I think Ambroise Pare would have liked me…I think I would have impressed him…I think [he] would have served me one of his tisanes while I behaved in a most creditable manner. I think he would have asked me to have a seat at his little table. I think he would have done something awful to me with tongs.

That last line…I both expected it and felt, when it finally came, like I’d tripped walking down the stairs. Sofia Samatar captures that horror movie combination of expectation and dread in her work. She never lets you rest. The line also evokes Saartje Baartman and Tuskegee, people lured in by the promise of a better life, then destroyed in the name of science. Another way of saying this is: these are fantasy stories, but they also aren’t. The narrator and her brother are telling their lives through monsters, and what’s more monstrous than history?

Sofia and Del Samatar are of Somali/Swiss-German descent, and much of the text—and subtext—of Monster Portraits revolves around race and what it means to be multi-racial in a world that insists on categorization. If you are not purely one thing or another, does that make you monstrous? What does it mean to dissect the ways in which you are like no one else?

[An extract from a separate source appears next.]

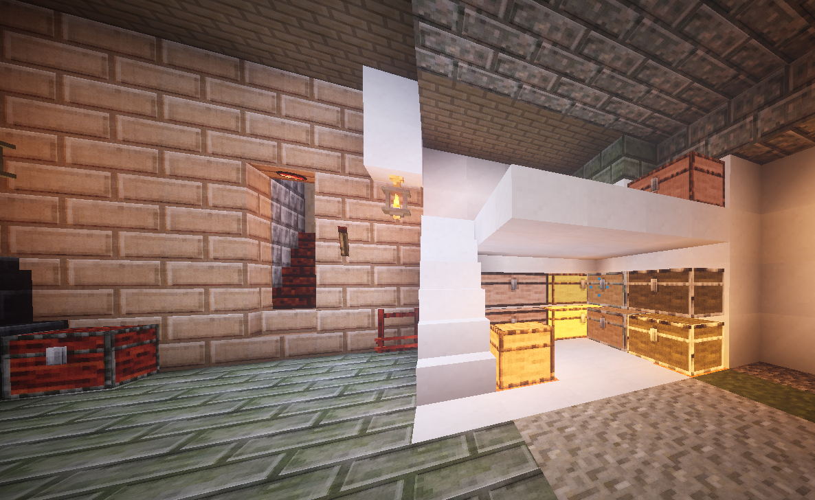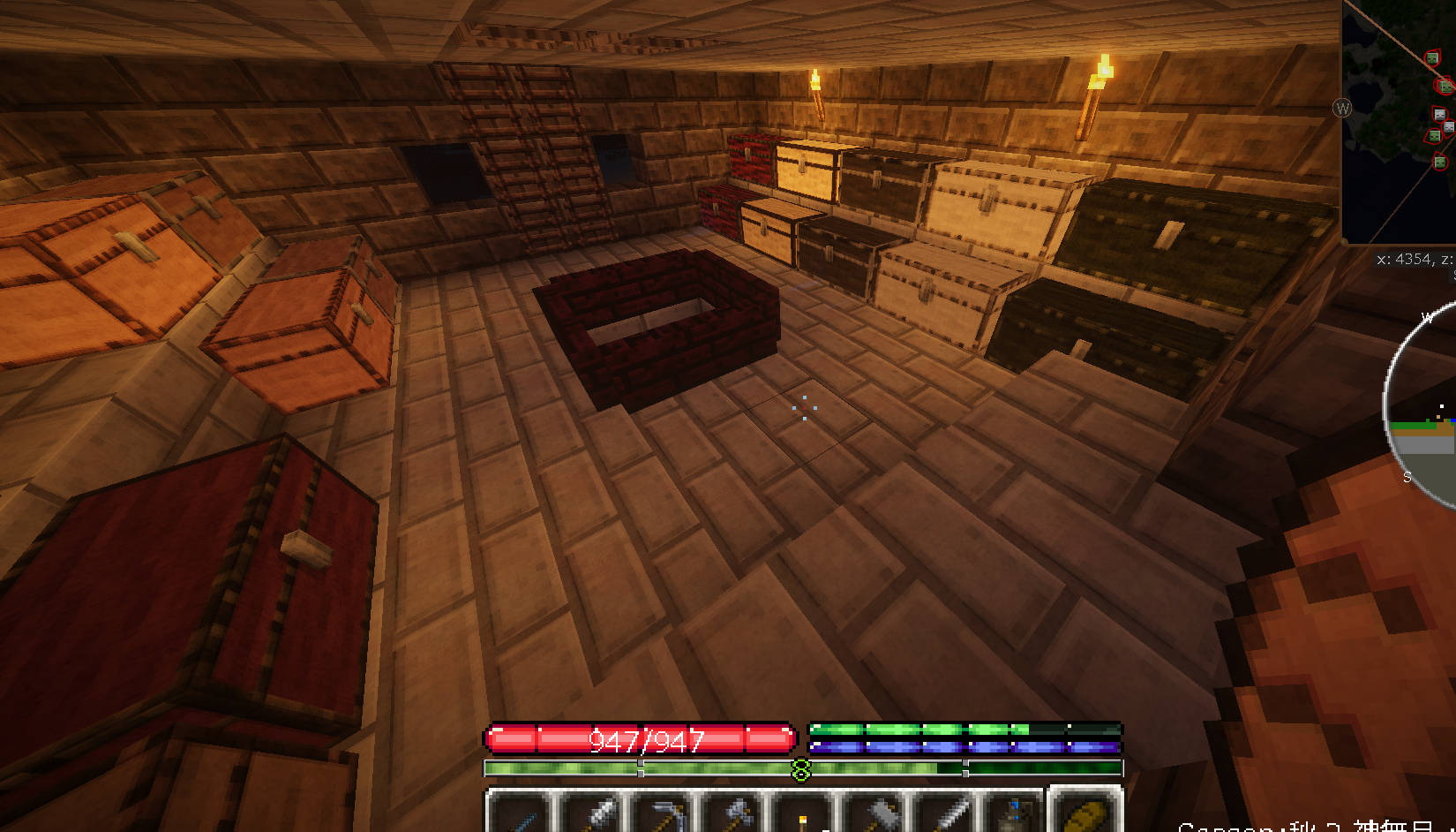 TFC 2016/04/26 倉庫、など さすがに岩石が収集つかなくバラバラにあちこちあって困ったので、早めに倉庫作りました。 一階の広いスペース。 ふんだんにあるアラバスターにて製作。 なるべくチェストの色と岩石の色がマッチするように作りました(途中だけど)。 そして、依然雨ざらしのベッド。 どうするかなぁ・・・。 あと、試しに鉄焼いてみました。 無事、動いています。 [2回]

What does that do to you?

“The world is a hall of images,” Samatar writes. “None of them ours.”

But Monster Portraits also makes it clear that there is power and loveliness in unlikely designs. This is due in large part to Del Samatar’s illustrations, which have a spooky elegance. They are indisputably drawings of monsters, but they are beautiful monsters.

Sofia Samatar’s prose carries this message as well. Near the end of their journey, the unnamed brother and sister come together in a cabin in Colorado to compile their notes and illustrations. Looking over their work, the sister reflects:

“Try to copy something exactly. Impossible. You can transfer every word and still, in the margin, this unfolding fin, this nub of horn, this tail…Try as much as possible to conform and you will be saved by a wily grace. Imperfection is your genius.”

Boundaries blur inevitably. The search for purity leads to nothing but suffering. If Monster Portraits has a moral (and, since it’s a fairy tale, it should), I think that’s it.